Select the Only SNPs with a RS number option in the Variant status panel. Then increase the Minimum read depth
and Minor allele cut off values in the Read depth options panel until sequence variants start to disappear, but the majority of sequence
variants are still visible. If the region is autozygous, try to remove all of the heterozygous variants. However some variants that appear to be heterozygous may remain if the region is duplicated
elsewhere in the genome. If sequence reads derived from the duplicated sequences are slightly divergent, but still mapped to the region of interest the divergent positions will appear as
heterozygous variants.
Viewing sequence variants not found in the 1000 Genome Project
Select the Only Unknown variants option in the Variant status panel to display sequence variants that have not been identified in the 1000
Genome Project. If the region is autozygous, the majority of the variants should be homozygous. If a large proportion of the variants are heterozygous, increase the
Minimum read depth and Minor allele cut off values in the Read depth options panel until the majority of
variants are homozygous. Select the Variant severity option in the Variant location and type panel and chane the value in the
Variant severity list to 0 to discord all variants that do not affect a protein's amino acid sequence.

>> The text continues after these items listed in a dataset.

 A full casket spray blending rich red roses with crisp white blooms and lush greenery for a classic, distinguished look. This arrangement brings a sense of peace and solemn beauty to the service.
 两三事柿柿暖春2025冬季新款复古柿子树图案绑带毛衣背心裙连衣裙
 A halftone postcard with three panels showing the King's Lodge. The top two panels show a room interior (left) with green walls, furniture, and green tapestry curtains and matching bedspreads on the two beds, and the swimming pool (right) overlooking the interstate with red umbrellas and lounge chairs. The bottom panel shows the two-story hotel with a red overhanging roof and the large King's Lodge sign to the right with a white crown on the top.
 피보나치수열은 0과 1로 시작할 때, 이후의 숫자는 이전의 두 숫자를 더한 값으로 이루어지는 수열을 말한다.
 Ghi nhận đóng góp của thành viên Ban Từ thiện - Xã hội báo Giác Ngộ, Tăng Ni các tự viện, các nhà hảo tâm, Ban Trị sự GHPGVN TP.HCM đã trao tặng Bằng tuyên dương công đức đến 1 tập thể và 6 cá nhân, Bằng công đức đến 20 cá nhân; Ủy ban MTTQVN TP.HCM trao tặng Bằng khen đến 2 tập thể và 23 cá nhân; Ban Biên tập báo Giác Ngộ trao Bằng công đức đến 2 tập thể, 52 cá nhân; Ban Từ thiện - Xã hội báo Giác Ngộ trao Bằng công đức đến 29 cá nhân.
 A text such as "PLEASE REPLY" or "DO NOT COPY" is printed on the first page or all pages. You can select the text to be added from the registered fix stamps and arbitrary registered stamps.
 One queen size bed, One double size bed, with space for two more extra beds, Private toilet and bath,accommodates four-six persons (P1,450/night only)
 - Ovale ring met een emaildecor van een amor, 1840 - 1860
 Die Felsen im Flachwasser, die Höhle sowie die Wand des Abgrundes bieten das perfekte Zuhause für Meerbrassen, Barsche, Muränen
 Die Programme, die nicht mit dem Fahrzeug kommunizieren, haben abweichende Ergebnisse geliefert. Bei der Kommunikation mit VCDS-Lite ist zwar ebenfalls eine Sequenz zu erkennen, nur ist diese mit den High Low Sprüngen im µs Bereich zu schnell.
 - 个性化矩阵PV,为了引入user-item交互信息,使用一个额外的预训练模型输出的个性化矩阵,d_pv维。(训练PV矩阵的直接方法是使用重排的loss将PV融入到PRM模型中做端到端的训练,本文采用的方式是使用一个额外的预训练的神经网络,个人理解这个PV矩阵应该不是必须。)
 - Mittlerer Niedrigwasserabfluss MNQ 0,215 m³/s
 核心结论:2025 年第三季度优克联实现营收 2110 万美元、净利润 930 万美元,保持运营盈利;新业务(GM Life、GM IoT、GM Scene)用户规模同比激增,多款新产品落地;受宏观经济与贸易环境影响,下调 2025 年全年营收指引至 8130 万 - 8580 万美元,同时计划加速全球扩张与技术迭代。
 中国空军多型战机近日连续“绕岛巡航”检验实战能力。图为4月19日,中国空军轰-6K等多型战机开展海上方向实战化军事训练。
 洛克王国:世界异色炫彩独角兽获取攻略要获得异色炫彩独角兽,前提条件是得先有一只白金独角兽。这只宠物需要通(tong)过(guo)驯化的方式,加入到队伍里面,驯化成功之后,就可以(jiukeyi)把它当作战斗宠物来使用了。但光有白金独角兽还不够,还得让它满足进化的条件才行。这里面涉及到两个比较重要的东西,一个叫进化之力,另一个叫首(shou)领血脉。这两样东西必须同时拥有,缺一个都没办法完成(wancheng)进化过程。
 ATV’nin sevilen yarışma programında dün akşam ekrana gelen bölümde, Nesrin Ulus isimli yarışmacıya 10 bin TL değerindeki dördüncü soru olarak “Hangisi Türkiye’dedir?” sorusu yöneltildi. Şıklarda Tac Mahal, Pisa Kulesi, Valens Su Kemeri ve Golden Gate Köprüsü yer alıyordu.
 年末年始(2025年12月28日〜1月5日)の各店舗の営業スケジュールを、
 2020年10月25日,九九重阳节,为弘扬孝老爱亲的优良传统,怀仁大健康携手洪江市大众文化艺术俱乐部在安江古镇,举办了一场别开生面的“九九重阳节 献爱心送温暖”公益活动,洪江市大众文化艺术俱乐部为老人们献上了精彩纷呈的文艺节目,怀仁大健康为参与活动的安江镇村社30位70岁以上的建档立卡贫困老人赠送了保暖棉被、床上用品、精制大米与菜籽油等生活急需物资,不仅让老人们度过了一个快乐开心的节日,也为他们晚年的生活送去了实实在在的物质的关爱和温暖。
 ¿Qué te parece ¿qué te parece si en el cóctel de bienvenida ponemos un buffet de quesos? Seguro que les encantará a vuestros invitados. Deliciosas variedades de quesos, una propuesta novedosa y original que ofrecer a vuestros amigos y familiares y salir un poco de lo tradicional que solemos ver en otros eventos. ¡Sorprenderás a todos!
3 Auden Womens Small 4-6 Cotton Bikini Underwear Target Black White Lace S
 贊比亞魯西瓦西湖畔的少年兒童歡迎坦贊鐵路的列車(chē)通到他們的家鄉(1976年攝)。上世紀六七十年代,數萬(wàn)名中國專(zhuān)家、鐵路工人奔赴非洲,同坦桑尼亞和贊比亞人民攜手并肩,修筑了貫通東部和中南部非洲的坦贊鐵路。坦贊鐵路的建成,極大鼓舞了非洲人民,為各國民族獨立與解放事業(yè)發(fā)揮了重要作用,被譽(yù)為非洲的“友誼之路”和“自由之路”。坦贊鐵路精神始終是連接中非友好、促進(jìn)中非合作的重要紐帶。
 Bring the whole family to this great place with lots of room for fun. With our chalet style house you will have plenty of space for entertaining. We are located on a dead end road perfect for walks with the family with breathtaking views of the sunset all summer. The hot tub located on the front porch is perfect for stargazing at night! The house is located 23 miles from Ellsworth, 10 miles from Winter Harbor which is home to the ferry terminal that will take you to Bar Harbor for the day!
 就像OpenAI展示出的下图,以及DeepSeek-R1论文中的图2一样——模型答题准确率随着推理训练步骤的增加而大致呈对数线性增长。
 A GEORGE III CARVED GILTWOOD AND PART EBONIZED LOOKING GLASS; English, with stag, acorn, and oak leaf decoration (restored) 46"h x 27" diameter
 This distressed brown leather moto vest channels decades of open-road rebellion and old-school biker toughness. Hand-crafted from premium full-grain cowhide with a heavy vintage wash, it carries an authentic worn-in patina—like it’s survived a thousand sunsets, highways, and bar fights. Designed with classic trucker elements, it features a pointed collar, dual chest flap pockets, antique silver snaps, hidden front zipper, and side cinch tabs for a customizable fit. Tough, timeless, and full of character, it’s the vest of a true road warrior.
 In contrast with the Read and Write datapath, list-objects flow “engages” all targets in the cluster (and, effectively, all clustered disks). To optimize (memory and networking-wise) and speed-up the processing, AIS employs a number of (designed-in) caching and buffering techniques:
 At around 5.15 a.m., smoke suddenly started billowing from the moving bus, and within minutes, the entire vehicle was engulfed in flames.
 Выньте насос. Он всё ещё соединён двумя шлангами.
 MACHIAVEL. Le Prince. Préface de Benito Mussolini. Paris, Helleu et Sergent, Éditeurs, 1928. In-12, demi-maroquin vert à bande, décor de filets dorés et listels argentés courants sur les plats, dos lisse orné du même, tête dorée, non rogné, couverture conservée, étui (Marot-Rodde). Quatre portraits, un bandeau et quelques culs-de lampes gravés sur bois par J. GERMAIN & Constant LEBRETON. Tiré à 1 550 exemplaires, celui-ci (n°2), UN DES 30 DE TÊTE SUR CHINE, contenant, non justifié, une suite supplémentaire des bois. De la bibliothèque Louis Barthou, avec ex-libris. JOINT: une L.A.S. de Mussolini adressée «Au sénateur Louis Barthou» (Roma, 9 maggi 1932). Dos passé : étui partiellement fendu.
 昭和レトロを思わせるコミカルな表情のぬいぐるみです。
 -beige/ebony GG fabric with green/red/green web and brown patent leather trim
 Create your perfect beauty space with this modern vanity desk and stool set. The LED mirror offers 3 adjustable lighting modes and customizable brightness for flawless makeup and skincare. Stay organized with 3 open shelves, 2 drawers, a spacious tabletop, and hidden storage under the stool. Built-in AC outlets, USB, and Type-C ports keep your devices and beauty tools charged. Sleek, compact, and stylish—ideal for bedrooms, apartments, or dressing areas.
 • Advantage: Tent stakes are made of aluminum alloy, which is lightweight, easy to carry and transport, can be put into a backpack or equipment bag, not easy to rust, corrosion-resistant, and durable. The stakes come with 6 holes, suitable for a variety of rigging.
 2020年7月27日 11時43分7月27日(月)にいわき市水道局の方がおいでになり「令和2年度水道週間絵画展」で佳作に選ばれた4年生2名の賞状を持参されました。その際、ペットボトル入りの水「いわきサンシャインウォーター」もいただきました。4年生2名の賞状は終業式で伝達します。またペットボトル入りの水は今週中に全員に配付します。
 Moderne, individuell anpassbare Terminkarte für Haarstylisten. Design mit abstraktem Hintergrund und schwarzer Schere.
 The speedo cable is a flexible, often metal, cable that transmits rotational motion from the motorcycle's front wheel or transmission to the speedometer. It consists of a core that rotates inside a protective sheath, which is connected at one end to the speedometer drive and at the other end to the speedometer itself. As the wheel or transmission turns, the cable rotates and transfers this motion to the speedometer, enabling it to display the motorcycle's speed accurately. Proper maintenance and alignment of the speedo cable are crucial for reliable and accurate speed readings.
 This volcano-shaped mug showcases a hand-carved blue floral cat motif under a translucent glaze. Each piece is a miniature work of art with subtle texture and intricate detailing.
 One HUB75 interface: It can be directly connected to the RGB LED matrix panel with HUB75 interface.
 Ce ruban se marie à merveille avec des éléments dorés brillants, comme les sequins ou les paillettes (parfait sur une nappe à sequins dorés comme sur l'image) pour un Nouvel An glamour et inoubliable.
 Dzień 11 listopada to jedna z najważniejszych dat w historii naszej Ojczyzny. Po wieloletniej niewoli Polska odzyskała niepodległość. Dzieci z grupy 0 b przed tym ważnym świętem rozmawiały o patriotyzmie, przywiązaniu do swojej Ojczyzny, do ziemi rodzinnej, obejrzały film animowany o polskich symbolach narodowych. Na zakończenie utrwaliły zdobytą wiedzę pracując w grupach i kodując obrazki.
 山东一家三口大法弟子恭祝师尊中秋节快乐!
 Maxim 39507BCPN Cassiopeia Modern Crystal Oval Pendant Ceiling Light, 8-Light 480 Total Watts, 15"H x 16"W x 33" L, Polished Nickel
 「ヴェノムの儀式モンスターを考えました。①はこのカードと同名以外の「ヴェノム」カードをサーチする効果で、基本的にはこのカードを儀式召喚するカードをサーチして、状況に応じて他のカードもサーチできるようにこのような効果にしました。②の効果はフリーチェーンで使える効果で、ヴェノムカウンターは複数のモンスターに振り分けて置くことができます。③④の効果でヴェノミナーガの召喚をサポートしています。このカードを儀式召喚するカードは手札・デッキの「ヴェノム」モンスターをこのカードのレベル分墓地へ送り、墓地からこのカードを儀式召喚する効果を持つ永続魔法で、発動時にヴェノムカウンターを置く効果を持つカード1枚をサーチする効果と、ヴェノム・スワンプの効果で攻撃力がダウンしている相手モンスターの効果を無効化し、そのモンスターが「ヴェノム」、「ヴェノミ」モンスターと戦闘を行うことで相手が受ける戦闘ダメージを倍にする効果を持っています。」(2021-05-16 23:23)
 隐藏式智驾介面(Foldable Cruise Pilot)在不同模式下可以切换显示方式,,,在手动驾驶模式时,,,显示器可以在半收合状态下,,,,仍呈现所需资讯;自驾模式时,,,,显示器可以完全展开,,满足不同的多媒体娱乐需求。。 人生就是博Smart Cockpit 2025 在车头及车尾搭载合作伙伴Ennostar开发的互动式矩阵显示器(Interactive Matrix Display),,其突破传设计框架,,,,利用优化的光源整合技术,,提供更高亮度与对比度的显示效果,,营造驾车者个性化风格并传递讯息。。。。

Exporting sequence variants
If the disease variant is thought to be autozygous selected the Homozygous option in the Export data options panel, while if the
disease is thought to be recessive, but the patient is not autozygous then select both the Homozygous and Exclude genes with only one heterozygous
variant options in the Export data options panel. However, if the disease is thought to be dominantly inherited do not select
either option. Choose, where to export variants from the Whole genome, Current chromosome or Selected region
(the region currently displayed) by selecting the appropriate option and then pressing the Export button. The exported sequence variants file generated while writing
this guide can be found here. A second ATOH7 sequence variant file was created that contained all the valid sequence variants from the entire genome was
created and then used in the user guide for AgileGeneFilter.